Deputy Hickey referred to the charge imposed on the weekly rent of a municipal house by the interest rate payable by a local authority for the money it cost to build it. I should like to hear anybody argue the justice or equity of the people, through their public representatives, being required to pay for the use of their own money. Eighty per cent of the money in circulation in this country and in every modern society is bank money. I should be grateful to somebody in this House who would expound for me the ethical or economic justification for asking the people to pay a limited group of persons, to wit, shareholders in joint stock banks, £35 a year for the right to use £1,000 of their own money.
A municipal house to-day may cost up to £1,500. Leave out altogether the annual allocation for the redemption of capital. If the municipality has to borrow that money at 4 per cent., the interest on the money required to build that house amounts to £60 per year which the tenant must pay, except in so far as the taxpayer pays it. If it is the tenant, a weekly rent of approximately 22/- is payable by the tenant for no other reason than that the normal banking system of the country is used to discharge the debt due to the contractor on completion of the house and his delivery of it to the municipal authority. There is no question of security and no question of any danger of the capital not being repaid.
It is merely the period of time over which the Legislature determines in its own wisdom that it is expedient to repay the capital. This strange fact is true that while it is regarded as axiomatic that money borrowed by a Government on which a municipality builds houses should be liable to this charge, from the moment that the three great societies of the world became involved in war and similar accommodation had to be procured in order to pay the armament manufacturer for the tanks and guns, no one contended that for an outlay of that kind the Government should be asked to pay—and none is paid. A management charge of something between I and 1? per cent is payable because there is no cheaper way of getting the accounts checked and that percentage meets the legitimate cost of the banking system in administering these loan accounts on Government account. The rate payable on such borrowing is ruled by the ascertained cost, as near as they can go, to the banking system for keeping the accounts.

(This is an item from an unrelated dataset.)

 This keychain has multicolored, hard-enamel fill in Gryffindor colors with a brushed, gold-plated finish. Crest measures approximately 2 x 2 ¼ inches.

Now, famous bankers of the 19th century have said that it was a dispensation of Providence that the average man could be depended upon never to unravel the mystery of money and credit and that, therefore, those who control it were in a position of absolute safety. They were mistaken in that belief. The average man does understand in very large degree the workings of money and credit. But here is our danger: the average man understands it in large degree but there is no subject on which the aphorism is more true, that "a little knowledge is a dangerous thing". The moment the problem of money and credit begins to appear simple and obvious to an average man, you may assume that he is either daft or stupid. The more this problem is studied and understood the more its infinite complexities confront the inquirer. I do not purport to follow the theory of money to its source. An attempt of that kind could not be encompassed in a book of less than 400 pages. For Deputy Hickey's information, I may mention that Geoffrey Crowther wrote a very good one, which the Deputy might with profit peruse.

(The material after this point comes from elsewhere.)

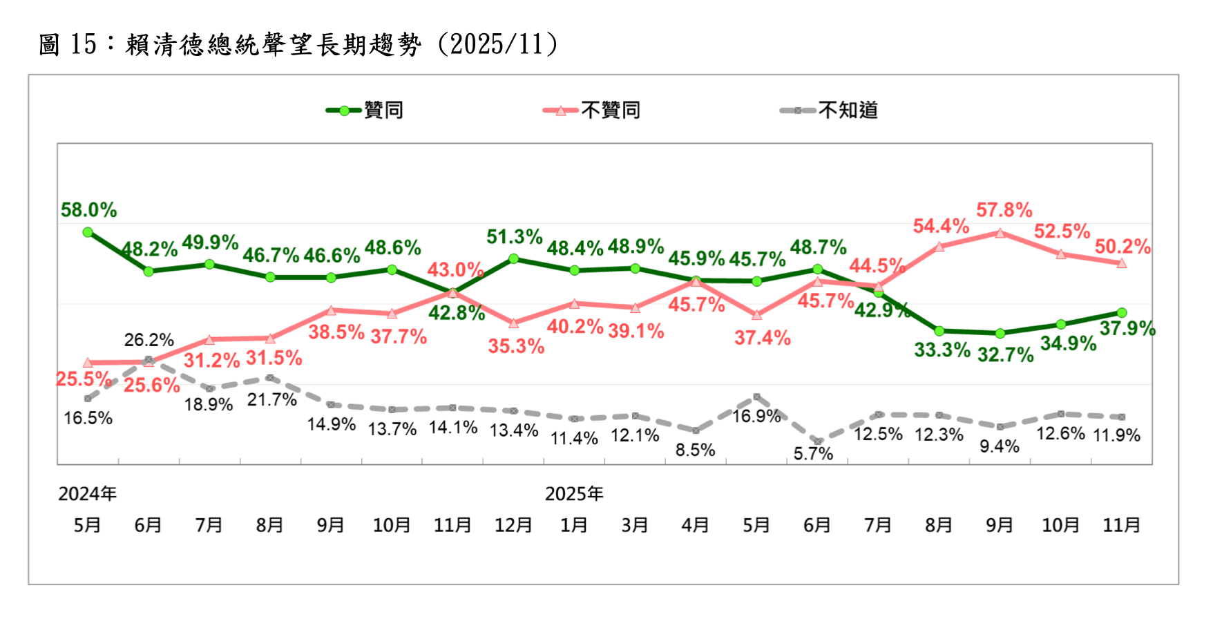 圖15:賴清德總統聲望長期趨勢 (2025/11)。台灣民意基金會提供
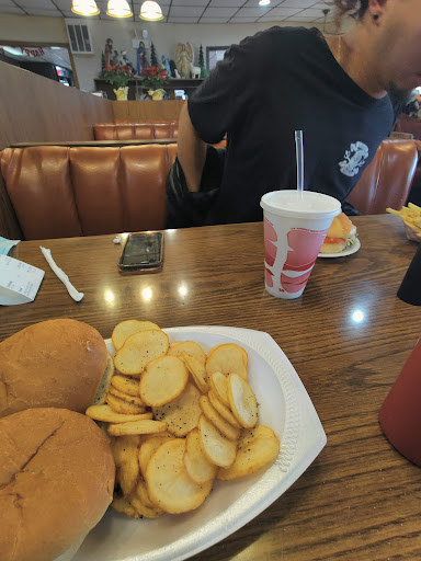 One waitress took order and brought drinks and then disappeared..we saw food sit on ledge for 5 minutes before another waitress brought food to us..room temperature everything..plus ordered bacon well done...came out chewy...it was 4:00...not busy at all..also small sodas are like a child's cup. Management needs to crack whip...Revision...waited a year to come back and here is my review for second visit.. Ordered cheeseburger hoagie..cheeseburger with the works...onion rings...large chips.. and small coke. First complaint is they charged 15 cents for 2 pickle slices and 20 cents for a small slice of tomato? Who does that? The bacon was ordered well done however came out stringy on the ends... Ok...looking past that the chips that I got were were literally not fried long enough...more like boiled potatoes slices...how can the cook and the server not notice this? They forgot the onions on the burger, my cheeseburger sub roll was changed which was a big dissapointment...not soft like the original style.The onion rings were the cheap processed kind...cost $2.50 and there was only 5. To top off the dinner the small coke I got which was $1.50 is still the childs cup!!!!! I realize they are the only game in town but they seriously need to work on consistency. This place has been in buisness since I was a kid...I am sure the owner has done well as this place is a little gold mine however he needs to wake up and get this serious about...

I am simply applying my mind, and I am inviting the House to turn its mind, to one simple facet of the larger problem to-night. I urge the Minister for External Affairs to make the case, if it can be made, for requiring the community to pay 3½ or 4 per cent on its own money to provide essentials without which the community cannot properly function. When he has done that I ask him to enlighten my darkness on the issue of how it can be right, proper and orthodox to furnish the Government with money at 1? per cent to defend the public and the community from external aggression, but to forbid the community to avail of a similar amenity when the war is against disease and destitution. Let us make a note of this, for it goes to the heart of the matter that we are talking about, the borrowing of capital sums is an operation which predicates a redemption sinking fund to be raised annually from the revenue of the community. You cannot substitute credit for revenue, but if your revenue is sufficient to provide a redemption annuity for a capital borrowing there is no reason to make that annual charge more than that by adding to it an interest charge for the benefit of a few at the expense of the community to which that few owe their very existence and their opportunity of carrying on with the banking operation, the services of which the community proposes to avail of.

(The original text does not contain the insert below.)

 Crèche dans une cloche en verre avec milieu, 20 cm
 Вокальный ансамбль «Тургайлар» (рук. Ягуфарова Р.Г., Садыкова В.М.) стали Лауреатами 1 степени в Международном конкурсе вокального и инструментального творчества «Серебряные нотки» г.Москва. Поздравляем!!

There is a last matter to which, I think, the Government might properly turn its mind. When the Central Bank Act was enacted I think a section was inserted therein providing that, in respect of the currency reserve, 100 per cent. cover in the form of British securities or British legal tender was to be maintained, subject to the proviso that if the board of the bank took the initiative in proposing to the Government that a proportion of that currency reserve should be invested in Irish securities, and if the Minister for Finance gave his approval, the board would be entitled so to invest. The very insertion of that section in the Central Bank Act demonstrates clearly that those who were responsible for it envisaged conditions in which such a departure might with propriety be made. In one long answer which the Minister for Finance gave to a question relating to that matter, he spoke of the Central Bank as the bank of the last resort. How you can have a bank of last resort without a money market such as functions in the City of London, in the sense of that term, is something that baffles me.